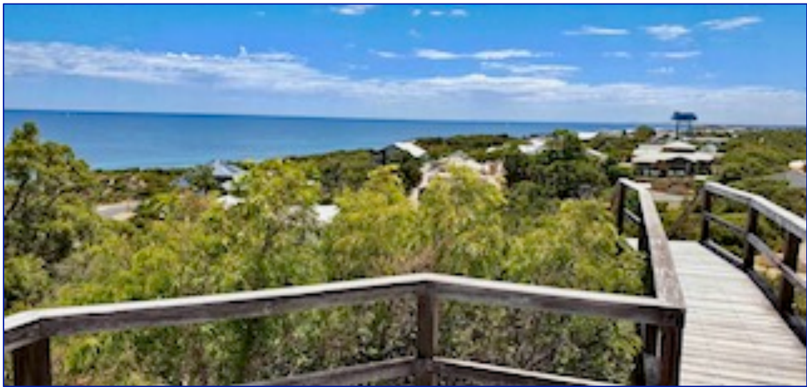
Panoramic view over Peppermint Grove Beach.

--

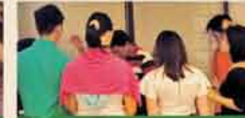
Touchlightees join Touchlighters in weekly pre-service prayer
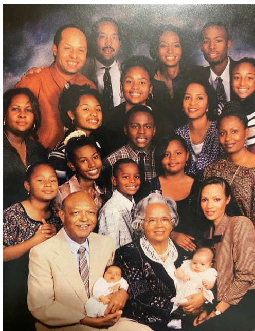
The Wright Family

▶ Problem to work on: Keep to the lines above from the line with "Touchlightees join Touchlighters" to the line with "The Wright Family", and set down exactly those, inclusive, with nothing else and every picture left out.

▶ Reply:
Touchlightees join Touchlighters in weekly pre-service prayer
The Wright Family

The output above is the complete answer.